I changed careers several years ago and got my teaching cert through BCTR. I chose them because it was the quickest, least expensive option. Structurally it's similar to TFA: you have intensive summer training, you teach a summer school class, and then you're in the classroom in September. BCTR charges tuition for their classes your first year but the city will reimburse you a portion. When I went through the program, the summer was unpaid but that has changed now and they will pay you a stipend. With your advanced degree you'll start on step 3 of the BCPSS scale, I think. Tuition was about $6,000 when I was in the program.

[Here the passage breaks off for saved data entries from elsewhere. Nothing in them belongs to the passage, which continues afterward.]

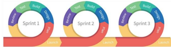
Figure 2: Agile Learning Process

I propose the term agile learning to refer to the application of the processes and principles of agile software development to the context of learning. Agile software development is characterized by short development cycles, called sprints, in which a working software application is fully planned, designed, built, tested, reviewed, and launched (Anand & Dinakaran, 2016; Matharu et al., 2015). Through several sprints, developers iteratively expand and improve the software application. In the context of learning, development cycles and working software applications are replaced by project cycles and useable deliverables, respectively. In other words, an agile learning experience consists of multiple short project cycles, called sprints, in which a useable deliverable is fully planned, designed, built, tested, reviewed, and launched. One of the defining features of agile software development – and by extension agile learning – is the fact that each sprint ends with a useable deliverable that is increasingly being expanded and improved upon. Although originally introduced in the early 2000s, agile software development only became widely adopted in the last few years (Anand & Dinakaran, 2016). Figure 2 depicts the agile learning process.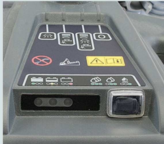
Electronic solution control for low, medium and high flow.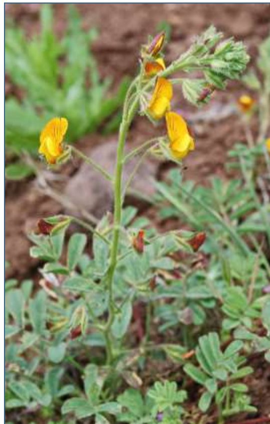
Above left: fig.48 Another of our Los Ranchillos novelties from the lower patches, the extremely rare annual Hypochoeris terra-mortuis (description in preparation). 24 Oct 2015. (JMW)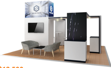
$12,500 Trinity 9873 $12,500

Pricing includes Flooring, Furniture, Lighting and Audio Visual screens (where applicable)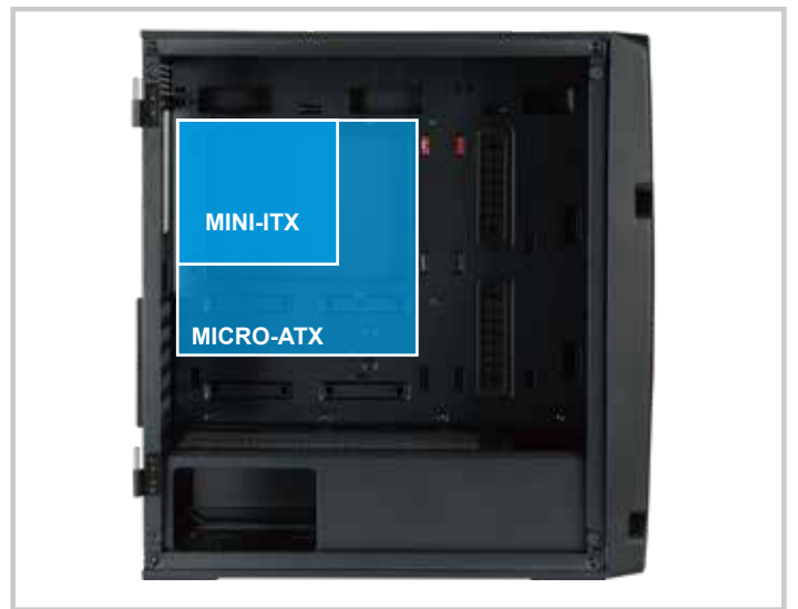
Mini ITX to Micro ATX Motherboard Compatibility

Urban Teachers is more like a traditional master's program and charges $45,000 in tuition. There is financial aid, and you're getting a Hopkins MAT. Year one, you're earning a $28,000 salary, year 2 you're on the BCPSS payscale. So if you can afford a year not making a living wage, UT does prepare you for a career. https://support.urbanteachers.org/hc/en-us/articles/360050518012-An-Investment-in-Your-Future

The benefit to TFA, BCTR, or UT is that they also help with things like delivering documents to central office, making sure you're getting the correct credits, and taking the correct PRAXIS exams. If you go the route of para->teacher your only support is the certification office at North Ave and they're less responsive (I know more than a few teachers lingering on a conditional certificate because they don't know what classes they have to take and when).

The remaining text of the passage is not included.